(AP) – Ukraine’s fired top prosecutor demanded Nov. 22 that the government respect a court ruling to reinstate him to his job.
Ousted Prosecutor General Svytoslav Pyskun said he would go to the presidential administration to insist on his reappointment.
“Selective implementation of court rulings must not exist in Ukraine,” he told reporters.
The court ruled Nov. 18 that Pyskun, who was fired last month by President Viktor Yushchenko for “ineffective work,” should get his job back. The government on Nov. 21 appealed the ruling.
Pyskun accused Yushchenko’s team of putting Ukraine in the awkward position of having two top prosecutors: Pyskun and Oleksandr Medvedko, whose appointment was approved by parliament earlier this month.
“Due to the illegal actions of the presidential administration today, Ukraine has two absolutely legitimate prosecutor generals,” he said.
Yushchenko countered in an interview with The Associated Press on Nov. 22 that the decision to fire a prosecutor general “is fully within the president’s jurisdiction,” alleging that corruption was behind the court ruling.
No one at the Prosecutor-General’s Office could immediately be reached for comment.
Earlier, Yushchenko accused Pyskun of dragging out many important cases, including the 2000 killing of an investigative journalist and the dioxin poisoning that took Yushchenko off the campaign trail for weeks last year.

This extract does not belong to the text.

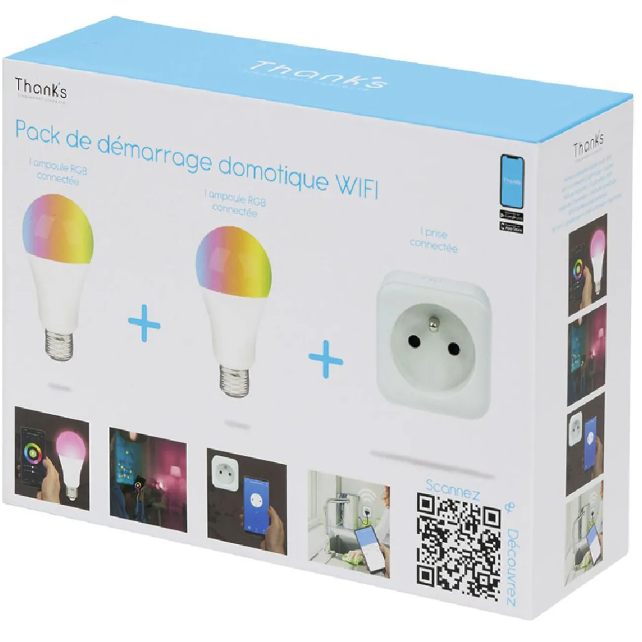 Pack de démarrage composé de 2 ampoules et une prise connectées, idéal pour tester notre univers connecté Thank’s.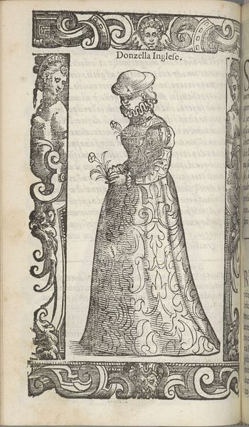 Editor: This is "Vsati in Venetia 1550," an engraving by Christoph Krieger from 1598. It depicts a woman, her form dominated by a large gown and veil. There's a sort of formality to the whole thing, rigid even, wouldn't you say? What story do you think this image is trying to tell? Curator: Story is an interesting word here, I feel a connection to ritual. To me, the beauty here resides in its stark depiction of status, filtered through the engraver's own cultural lens a few decades later. That frame, with all those gargoyle-esque decorations – isn't it delightfully morbid? Like vanity given monstrous form! Do you sense how Krieger's clean lines manage to both define and almost erase the individual woman? Editor: Absolutely! It's like she's being consumed by the visual language of status. And that veil... almost suffocating. Curator: Exactly. Perhaps the woman isn't the subject at all; rather, it's Venetian society’s performance of wealth, codified and, ironically, trapped within the pages of a book. Doesn’t that strike you as just a little…sad? Editor: It does now! I hadn't really considered that it could be a commentary, more than just a portrait. It shows how art can kind of whisper secrets across centuries, doesn’t it? Curator: Precisely! Every line, every shadow hums with intention. The piece serves as a mirror reflecting not only a moment, but our enduring fascination (and often, entanglement) with appearances.

The reformist opposition leader came to power after mass protests last year over election fraud. The protests became known as the Orange Revolution.
Pyskun called his dismissal politically motivated, and argued that he was fired because he opened a criminal investigation into a close Yushchenko ally – an investigation that was closed immediately after Pyskun’s sacking.
Pyskun was an unpopular figure, and many of Yushchenko’s Orange Revolution supporters criticized the president for not firing him earlier.